= Akong Langmeisu =

Akong Langmeisu (ꯑꯀꯣꯡ ꯂꯥꯡꯃꯩꯁꯨ) was a maidservant in the Meitei royal court during the 13th century Kangleipak (early Manipur). She is known for her role in the tragic events depicted in the classical Meitei literary work Thawanthaba Hiran. She is remembered in Meitei cultural memory as the figure whose deceitful actions led to the wrongful execution of Queen Khayoiron Tangja Samphabi, sparking the Khuman–Meitei War.

Akong Langmeisu's character shows the destructive consequences of palace intrigue, jealousy, and manipulation, and she remains one of the most controversial figures in early Meitei literature (old Manipuri literature).

== Historical and literary context ==

Akong Langmeisu appears in the historical narrative Thawanthābā Hiran, a seminal literary work that blends history and drama in showing the 13th-century conflict between the Meitei (Ningthouja) and Khuman dynasties. Though a secondary character, her actions serve as a major catalyst for the events that follow.

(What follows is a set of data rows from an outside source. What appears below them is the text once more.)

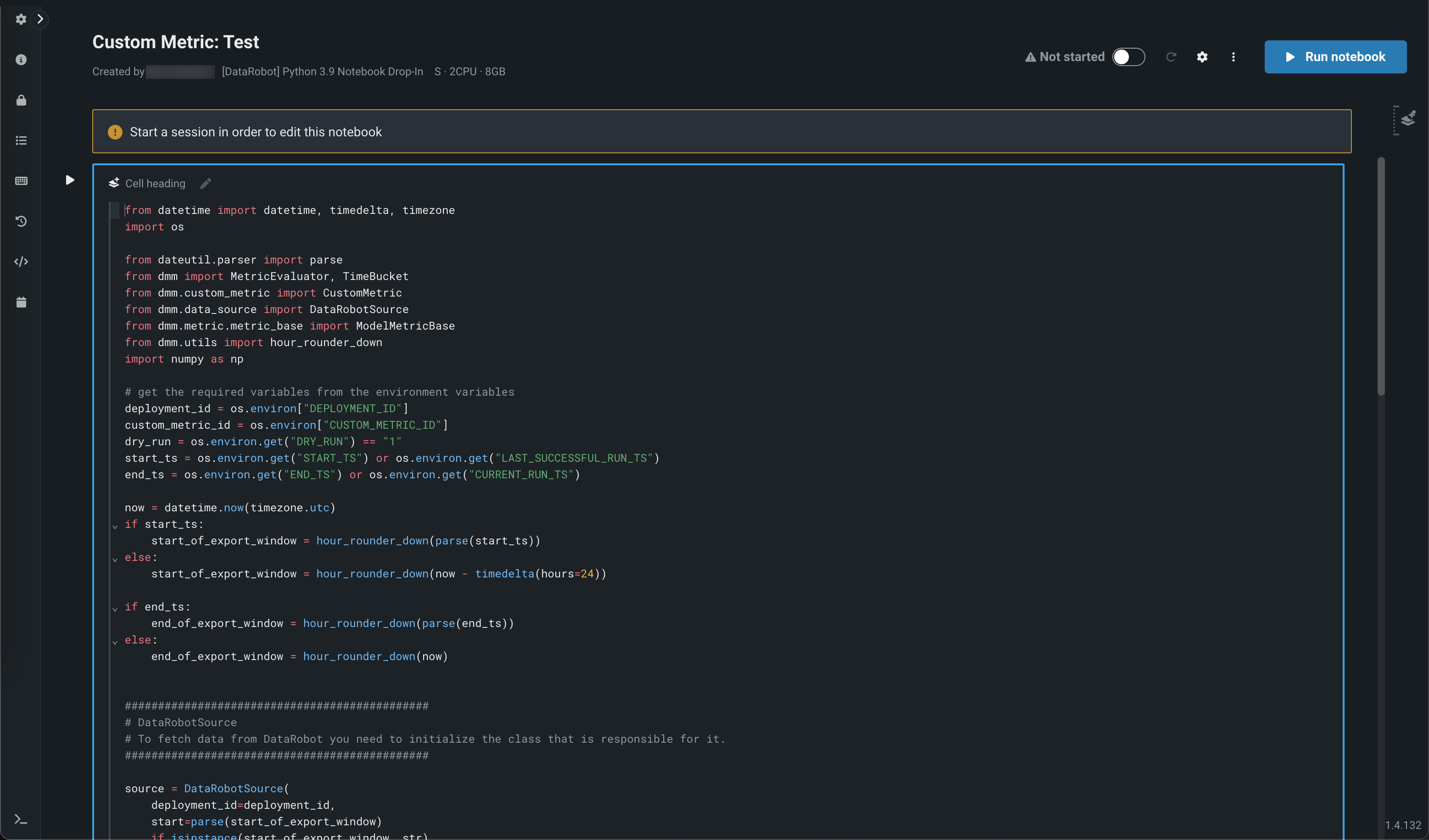 ホストされたカスタム指標のノートブックは、デフォルトではオフになっています。 この機能を有効にする方法については、DataRobotの担当者または管理者にお問い合わせください。
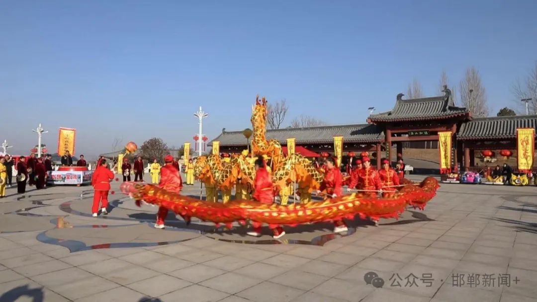 在峰峰矿区响堂山风景区金鼓广场,伴随着震天的锣鼓声,十余名舞龙队员登场,两条巨龙蜿蜒而来,时而翻滚腾跃,时而盘旋升空,动作行云流水。在巨龙的带领下,“旱船”“跑驴”等民俗表演轮番上阵。
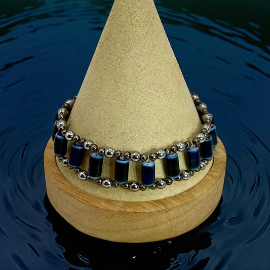 7.75” Double Banded Ceramic Tube Bead Bracelet | Blue Ceramic Beaded Jewelry | Handmade Adjustable Bracelet with Silver Accents
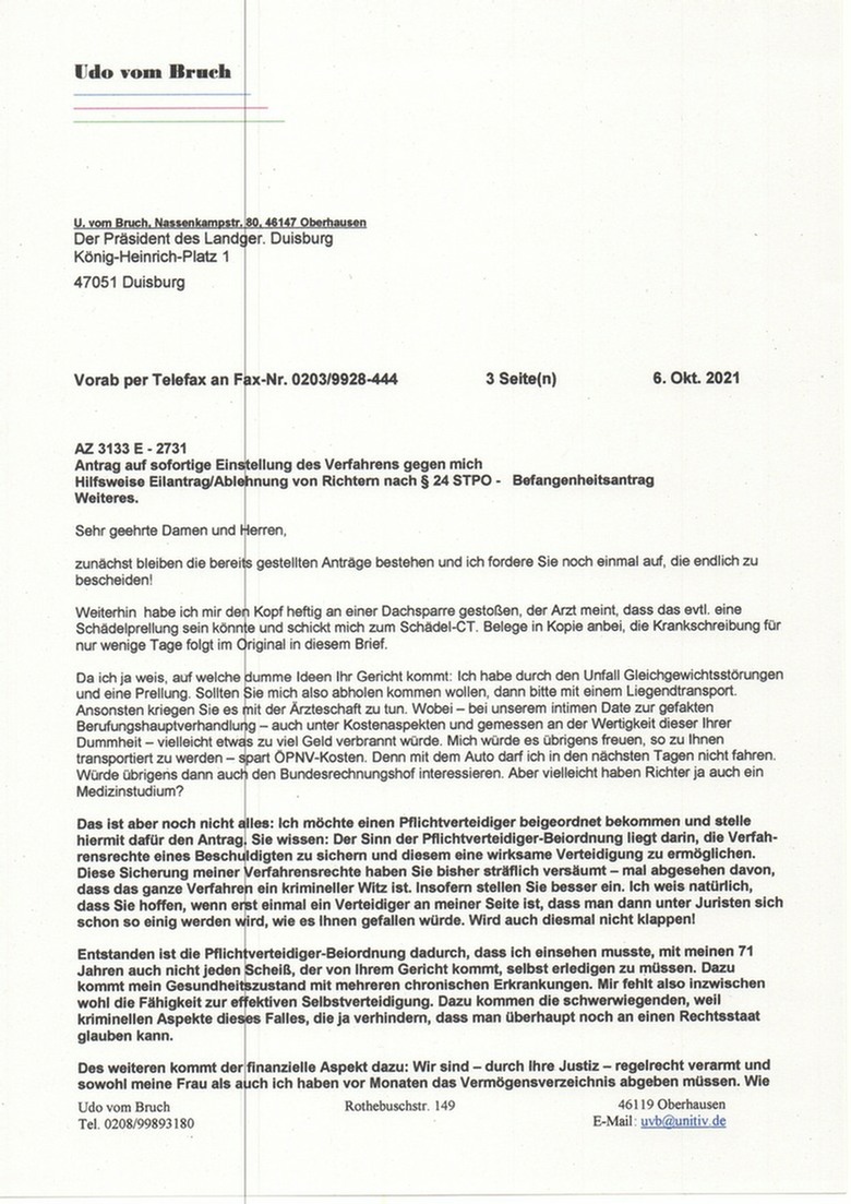 Vor Beginn der Berufungs-Hauptverhandlung habe ich verschiedene Anträge gestellt. Dieser arrogante Verein glaubt, sich aber auch alles leisten zu können - natürlich auch wieder die rechtswidrigen Sachen. Lest selbst:
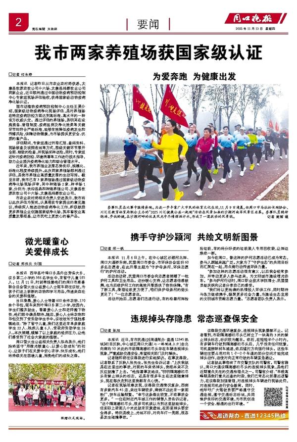 本报讯 记者昨日从市农业农村局获悉,太康县牧原农牧公司十六场、太康县鸿源牧业公司两家企业,近日顺利通过中国动物疫病预防控制中心专家组现场评估验收,获得国家级动物疫病净化场认证。

While the story is largely drawn from actual history, it is told through a literary lens, and Akong Langmeisu’s role is often interpreted symbolically, as a warning against envy and courtly deception.

== Role in the tragedy ==

Akong Langmeisu was a maidservant of Queen Loibi Tharangamba, one of the queen consorts of King Thawanthaba. She is described as a tale-bearer and malicious courtier, motivated by jealousy or loyalty to her mistress. Her involvement in the tragedy began when she found a lost bunch of flowers, previously owned by the king’s younger brother Leishapamba Tougaingamba, a known admirer of flowers.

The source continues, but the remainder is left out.